Instructions for the task
An exact transcription of all the data is required; the pictures are to be left out.

Dataset content
···
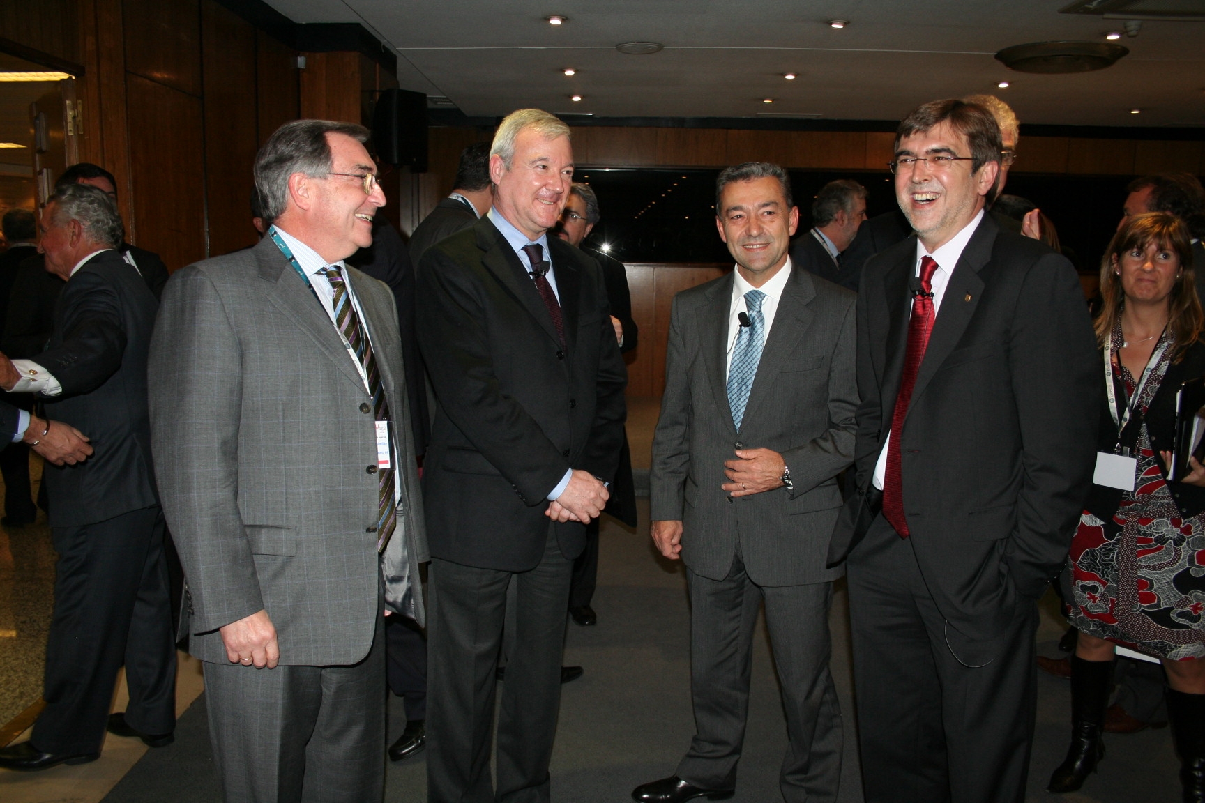 El presidente de la Comunidad, Ramón Luis Valcárcel, junto con el presidente del Gobierno Balear, Francés Antich, el presidente del Gobierno Canario, Paulino Ribero, y el consejero de Turismo, José Pablo Ruiz Abellán, en l IV Foro de Liderazgo Turístico de Exceltur.
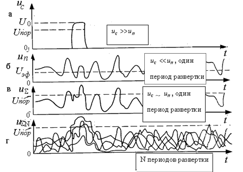 отраженный от нее сигнал uсs(t) может быть записан в виде аддитивной смеси когерентной uскs(t) = Umкcos(ct-0) составляющей и некогерентной uс.нкs(t) = Umнкcos(ct-1(t)) составляющей (узкополосного гауссова шума):
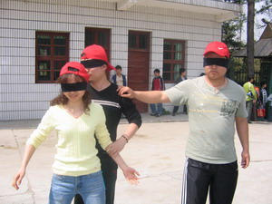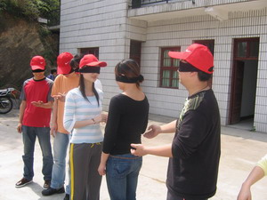 盲人摸號(每隊選出9個成員均戴上眼罩,每人一個號,此號只有本人知道。小組成員在“全盲全啞”狀態(tài)下,根據(jù)每人的號數(shù),按從小到大的順序排列出一條直線。全盲全啞?那怎么溝通呀?聽起來有點兒難度哦,但武漢商科人果然聰明,雖然中間出了一點兒小差曲(有人差點兒偏離隊伍),但兩個隊均在7分鐘和8分鐘內(nèi)準確的排列出順序,是一點兒不差哦。教官都說我們的成績是相當不錯呀。唉,不得不佩服我們自己呀。^-^)
···
Solution to this task
 El presidente de la Comunidad, Ramón Luis Valcárcel, junto con el presidente del Gobierno Balear, Francés Antich, el presidente del Gobierno Canario, Paulino Ribero, y el consejero de Turismo, José Pablo Ruiz Abellán, en l IV Foro de Liderazgo Turístico de Exceltur.
 отраженный от нее сигнал uсs(t) может быть записан в виде аддитивной смеси когерентной uскs(t) = Umкcos(ct-0) составляющей и некогерентной uс.нкs(t) = Umнкcos(ct-1(t)) составляющей (узкополосного гауссова шума):
 盲人摸號(每隊選出9個成員均戴上眼罩,每人一個號,此號只有本人知道。小組成員在“全盲全啞”狀態(tài)下,根據(jù)每人的號數(shù),按從小到大的順序排列出一條直線。全盲全啞?那怎么溝通呀?聽起來有點兒難度哦,但武漢商科人果然聰明,雖然中間出了一點兒小差曲(有人差點兒偏離隊伍),但兩個隊均在7分鐘和8分鐘內(nèi)準確的排列出順序,是一點兒不差哦。教官都說我們的成績是相當不錯呀。唉,不得不佩服我們自己呀。^-^)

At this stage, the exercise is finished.